禹九森脑海中浮现一些事情,
前些日子,他同安安拿来的玉簪上襄刻着类似一枚铜钱模样的装饰,
于是,便从胸前取出来,
玉簪上襄刻着的铜钱钱币反面铸刻着日月永盛大蜀。
正面刻着栩栩如生的狮王头,
禹九森丹凤眼逐渐晦暗,他竟然把安安这么重要的东西占为己有。
虽说,这支军队是他两百年前偷偷以南蜀祖皇名义建造的,
为的就是保护安安。
但是,也不能把属于安安的东西占为己有。
他起身,义无反顾踏入雨幕,一念之间,便到远在南疆郡主府中,
深秋落雨,祠堂里并未点灯,显得颇有些阴森。
禹九森·推门而入。
“安安,快,把手给我。

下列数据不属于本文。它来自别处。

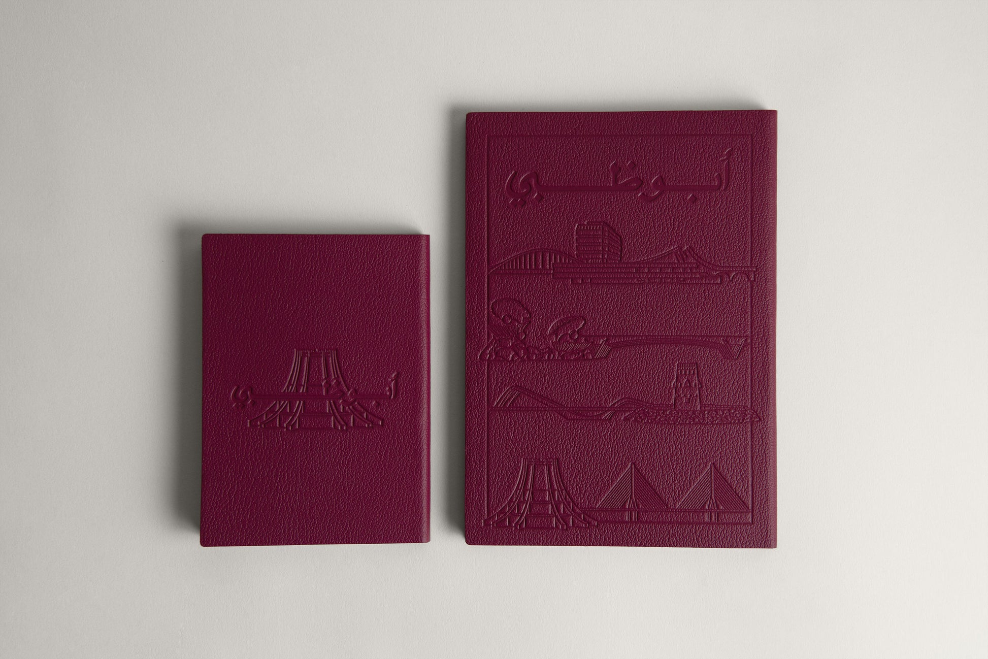 This set includes two camel leather notebooks with soft covers, featuring lined A5 and blank A6 pages for capturing everyday inspirations, thoughts, and sketches. The perfect binding spine ensures comfortable writing and convenient use. The embossed design features nostalgic and historical landmarks found in the UAE’s capital, Abu Dhabi.

”
禹九森一只手拿着玉簪,一只手拉起楚云川进屋,随后身后的大门便迅速关上。
禹九森不管楚云川还在懵懵的状态,便用银针刺破她的指腹。
嫣红的血珠滴落在铜钱上,倏然消失不见。
却有看不见的契约,于无形中缔结,随着夜幕悄然传达。
在北漠山寨台阶上慵懒舒展身姿的余漫妖,慢慢睁开水眸。
她起身,敛去所有漫不经心,郑重地南疆京城方向拜倒。
在玉楼春戏台子上咿咿呀呀唱着曲儿的青衣小生。
忽然抛下数百位观众,疾步踏出戏楼,虔诚地南疆京城方向拜倒。
街头叫卖猪肉的屠夫,哭着扔下屠刀,跪倒在雨水之中。
穿过拱桥的花船。
一位美貌动人的歌姬,忽然丢下琵琶和恩客,泪流满面地走出船舱,在船头扑通跪下。
北漠山道上,成千上万的山匪,纷纷奔出山寨。
他们收敛了全部的嬉笑怒骂和吃喝嫖赌,如石头般矗立在潇潇雨幕里,
像是世间最所向披靡的精锐军队,不约而同地朝南疆京城方向叩拜。
这是天机认主。
郡主府外,闪电撕破乌色沉沉的天穹。
犹如世间最锋利的宝剑,在这一刻重新出鞘!
惊雷滚过。
“九哥哥,你这是何意?”
楚云川不解。
她感觉到,有些东西冥冥中有些不一样了。
“我家安安还真是待我不同啊,这么重要的东西所给我就给我,”
“那是你强行拿去的,现在你还我就是了。”
楚云川伸手欲夺回玉簪,这玉簪对她极为重要。
如今,
她以南织的身份活下去。
而这枚铜钱暂时找不到安全之处存放,便想着把它镶嵌在这玉簪中。
殊不知,刚戴在头上没多久,便被禹九森夺去。
那一刻,她很是懊悔。
糊涂了,这么重要的东西给了禹九森,那可是她要复国的后盾啊,
可是,她又只糊涂过这一次呢!
不过,看在禹九森并没有坏心眼,她竟然莫名其妙的信赖他,
本想着,找一个机会要回簪子的,
如今,看样子,他是知道这其中的秘密了吧。
“送出去的东西哪有再拿回去的道理,安安,这天机已经认那为主了,这玉簪一时半会儿对你而言是没用了,倒不如先放在我这里,我来好生替你保管。”
“.............”
面对禹九森的这番说辞,楚云川便不好意思去多那玉簪了。
好吧,
暂时先放在他那里了。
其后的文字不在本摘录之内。